**Work order**
Your copy of the data should match it exactly, except that the pictures are gone.

**Records for processing**
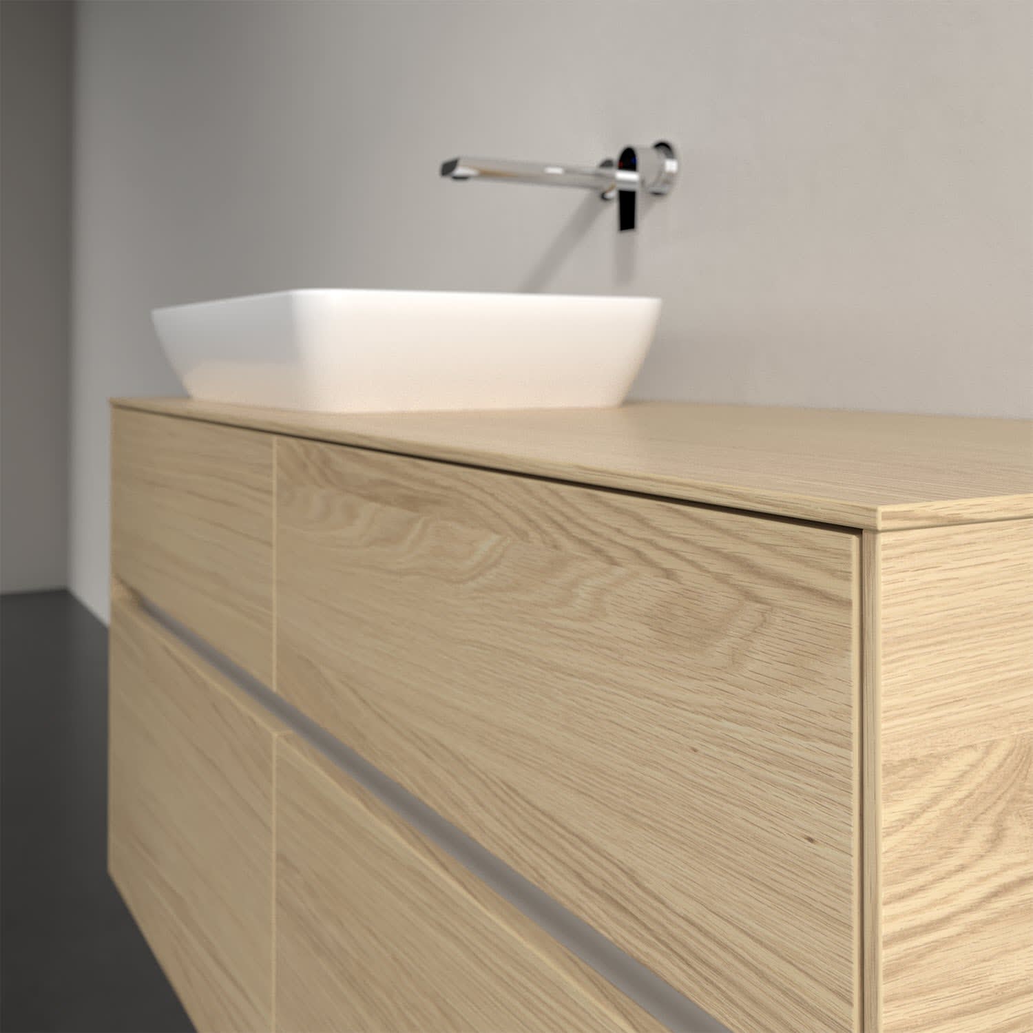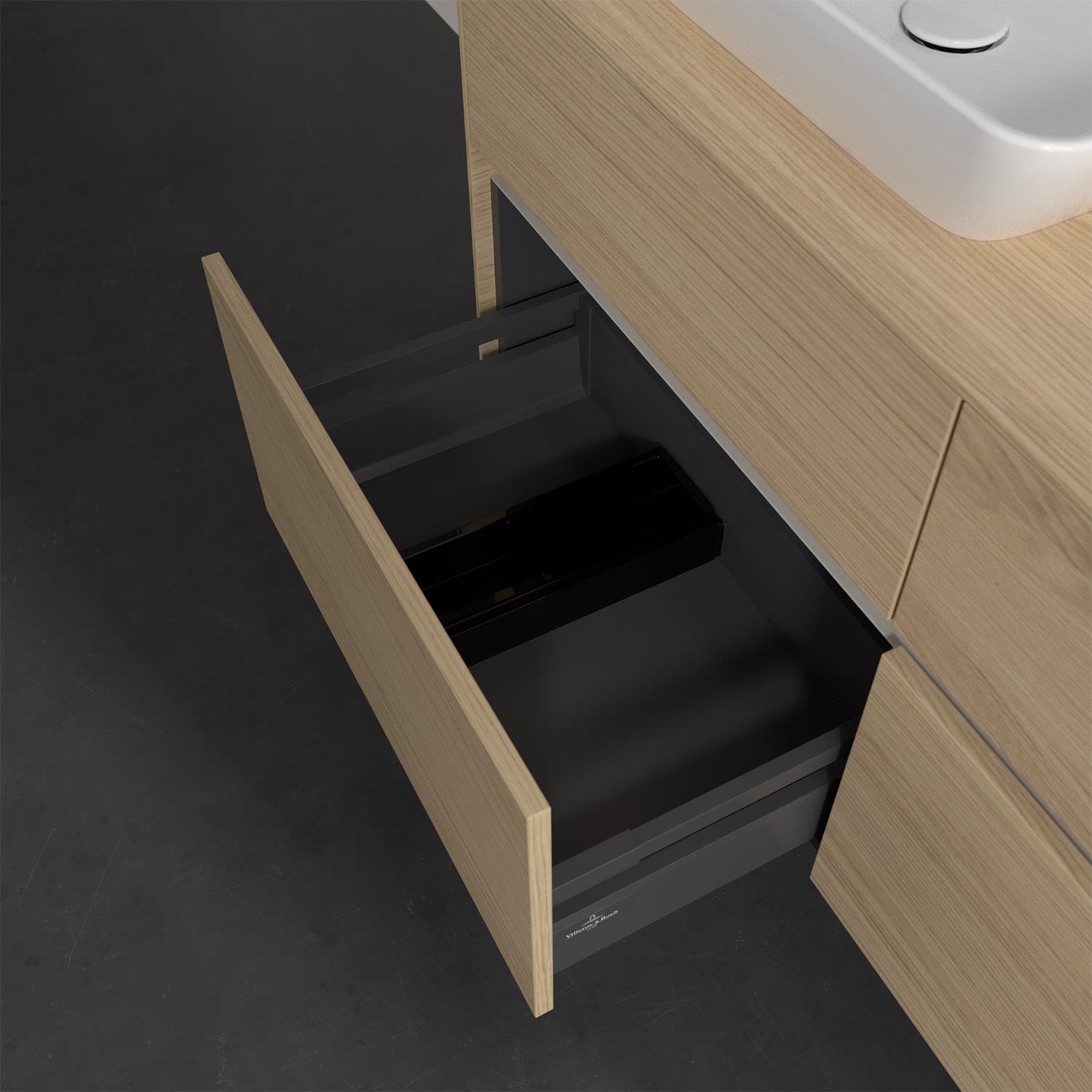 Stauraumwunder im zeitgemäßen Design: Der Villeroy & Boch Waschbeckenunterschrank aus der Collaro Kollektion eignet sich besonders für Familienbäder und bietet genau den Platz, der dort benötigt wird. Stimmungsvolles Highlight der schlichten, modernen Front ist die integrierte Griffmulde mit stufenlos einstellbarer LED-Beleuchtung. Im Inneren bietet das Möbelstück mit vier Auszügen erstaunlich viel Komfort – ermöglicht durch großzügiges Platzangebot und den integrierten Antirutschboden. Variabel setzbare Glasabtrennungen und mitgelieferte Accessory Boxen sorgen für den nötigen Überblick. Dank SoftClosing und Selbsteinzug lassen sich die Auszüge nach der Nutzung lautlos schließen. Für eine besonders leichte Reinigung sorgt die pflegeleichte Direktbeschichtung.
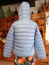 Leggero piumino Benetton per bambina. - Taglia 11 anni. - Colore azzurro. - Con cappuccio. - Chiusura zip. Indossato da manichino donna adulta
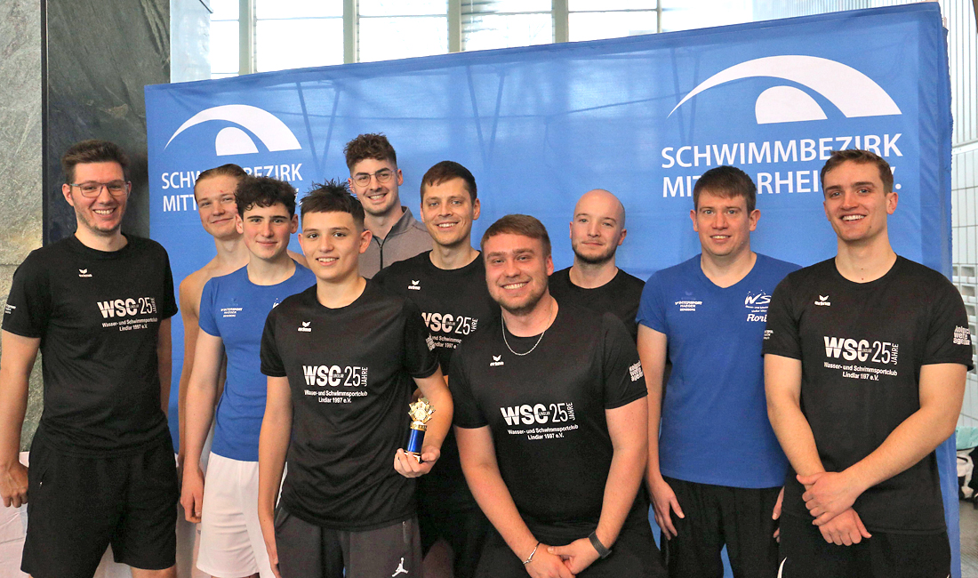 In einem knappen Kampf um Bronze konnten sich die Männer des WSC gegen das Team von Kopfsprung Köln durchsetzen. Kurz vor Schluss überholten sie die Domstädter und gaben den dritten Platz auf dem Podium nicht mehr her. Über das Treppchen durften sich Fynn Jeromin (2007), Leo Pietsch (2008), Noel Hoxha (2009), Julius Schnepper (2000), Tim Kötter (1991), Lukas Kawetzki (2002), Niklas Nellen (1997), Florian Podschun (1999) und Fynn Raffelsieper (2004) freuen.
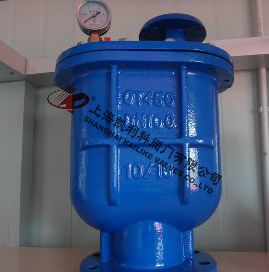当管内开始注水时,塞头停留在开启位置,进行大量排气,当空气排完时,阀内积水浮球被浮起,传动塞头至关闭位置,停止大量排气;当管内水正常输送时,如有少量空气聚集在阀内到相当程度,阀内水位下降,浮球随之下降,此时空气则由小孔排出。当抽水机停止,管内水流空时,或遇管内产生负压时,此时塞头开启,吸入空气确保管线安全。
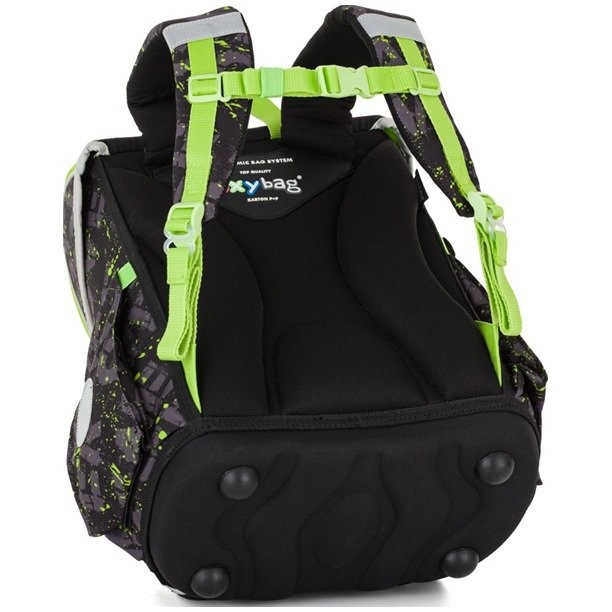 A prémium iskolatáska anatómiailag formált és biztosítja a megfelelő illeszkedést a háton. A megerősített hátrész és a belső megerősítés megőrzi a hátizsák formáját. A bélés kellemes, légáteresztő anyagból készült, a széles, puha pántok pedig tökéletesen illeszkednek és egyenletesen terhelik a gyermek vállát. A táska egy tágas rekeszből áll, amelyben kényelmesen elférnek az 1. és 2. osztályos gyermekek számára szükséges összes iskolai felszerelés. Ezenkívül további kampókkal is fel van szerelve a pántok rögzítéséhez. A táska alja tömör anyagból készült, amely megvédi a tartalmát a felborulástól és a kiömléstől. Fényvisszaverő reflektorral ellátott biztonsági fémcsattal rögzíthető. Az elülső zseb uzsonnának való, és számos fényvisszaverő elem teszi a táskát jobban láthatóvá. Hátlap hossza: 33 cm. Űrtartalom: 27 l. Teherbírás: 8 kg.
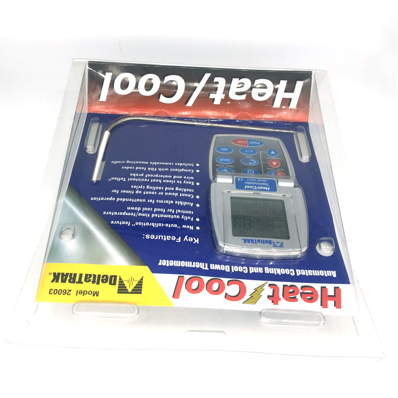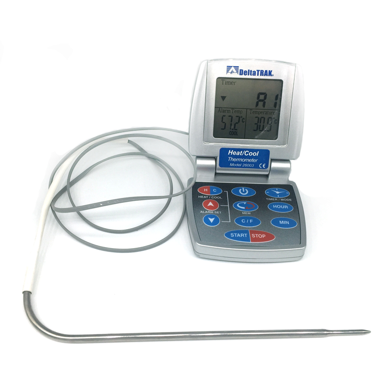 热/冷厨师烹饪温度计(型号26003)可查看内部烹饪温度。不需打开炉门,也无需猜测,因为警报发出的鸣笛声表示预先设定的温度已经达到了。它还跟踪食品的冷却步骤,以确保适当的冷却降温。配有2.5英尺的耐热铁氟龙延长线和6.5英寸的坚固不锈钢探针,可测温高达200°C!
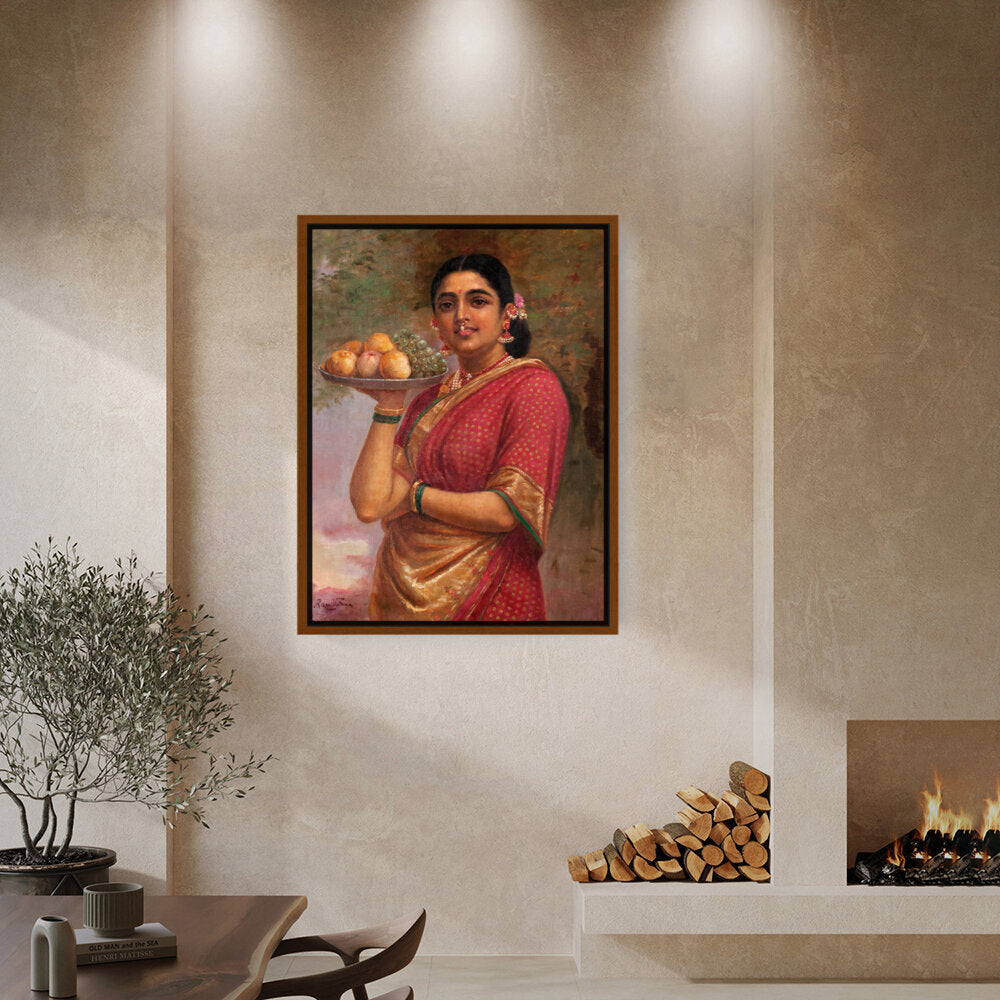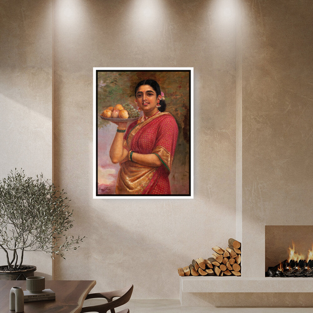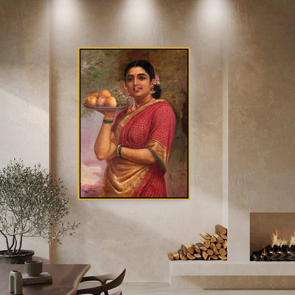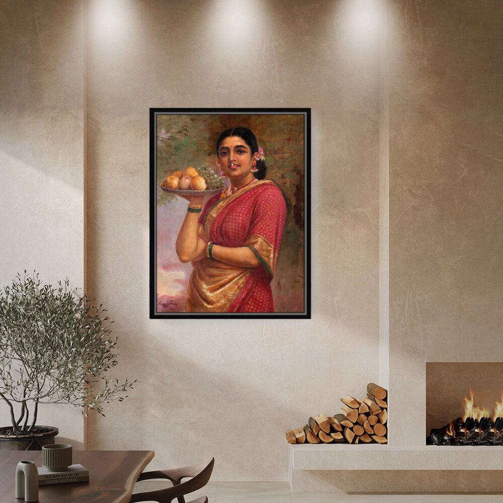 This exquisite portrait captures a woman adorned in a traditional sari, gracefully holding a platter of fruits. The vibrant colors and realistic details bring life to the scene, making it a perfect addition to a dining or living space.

**Output of the task**
 Stauraumwunder im zeitgemäßen Design: Der Villeroy & Boch Waschbeckenunterschrank aus der Collaro Kollektion eignet sich besonders für Familienbäder und bietet genau den Platz, der dort benötigt wird. Stimmungsvolles Highlight der schlichten, modernen Front ist die integrierte Griffmulde mit stufenlos einstellbarer LED-Beleuchtung. Im Inneren bietet das Möbelstück mit vier Auszügen erstaunlich viel Komfort – ermöglicht durch großzügiges Platzangebot und den integrierten Antirutschboden. Variabel setzbare Glasabtrennungen und mitgelieferte Accessory Boxen sorgen für den nötigen Überblick. Dank SoftClosing und Selbsteinzug lassen sich die Auszüge nach der Nutzung lautlos schließen. Für eine besonders leichte Reinigung sorgt die pflegeleichte Direktbeschichtung.
 Leggero piumino Benetton per bambina. - Taglia 11 anni. - Colore azzurro. - Con cappuccio. - Chiusura zip. Indossato da manichino donna adulta
 In einem knappen Kampf um Bronze konnten sich die Männer des WSC gegen das Team von Kopfsprung Köln durchsetzen. Kurz vor Schluss überholten sie die Domstädter und gaben den dritten Platz auf dem Podium nicht mehr her. Über das Treppchen durften sich Fynn Jeromin (2007), Leo Pietsch (2008), Noel Hoxha (2009), Julius Schnepper (2000), Tim Kötter (1991), Lukas Kawetzki (2002), Niklas Nellen (1997), Florian Podschun (1999) und Fynn Raffelsieper (2004) freuen.
当管内开始注水时,塞头停留在开启位置,进行大量排气,当空气排完时,阀内积水浮球被浮起,传动塞头至关闭位置,停止大量排气;当管内水正常输送时,如有少量空气聚集在阀内到相当程度,阀内水位下降,浮球随之下降,此时空气则由小孔排出。当抽水机停止,管内水流空时,或遇管内产生负压时,此时塞头开启,吸入空气确保管线安全。
 A prémium iskolatáska anatómiailag formált és biztosítja a megfelelő illeszkedést a háton. A megerősített hátrész és a belső megerősítés megőrzi a hátizsák formáját. A bélés kellemes, légáteresztő anyagból készült, a széles, puha pántok pedig tökéletesen illeszkednek és egyenletesen terhelik a gyermek vállát. A táska egy tágas rekeszből áll, amelyben kényelmesen elférnek az 1. és 2. osztályos gyermekek számára szükséges összes iskolai felszerelés. Ezenkívül további kampókkal is fel van szerelve a pántok rögzítéséhez. A táska alja tömör anyagból készült, amely megvédi a tartalmát a felborulástól és a kiömléstől. Fényvisszaverő reflektorral ellátott biztonsági fémcsattal rögzíthető. Az elülső zseb uzsonnának való, és számos fényvisszaverő elem teszi a táskát jobban láthatóvá. Hátlap hossza: 33 cm. Űrtartalom: 27 l. Teherbírás: 8 kg.
 热/冷厨师烹饪温度计(型号26003)可查看内部烹饪温度。不需打开炉门,也无需猜测,因为警报发出的鸣笛声表示预先设定的温度已经达到了。它还跟踪食品的冷却步骤,以确保适当的冷却降温。配有2.5英尺的耐热铁氟龙延长线和6.5英寸的坚固不锈钢探针,可测温高达200°C!
 This exquisite portrait captures a woman adorned in a traditional sari, gracefully holding a platter of fruits. The vibrant colors and realistic details bring life to the scene, making it a perfect addition to a dining or living space.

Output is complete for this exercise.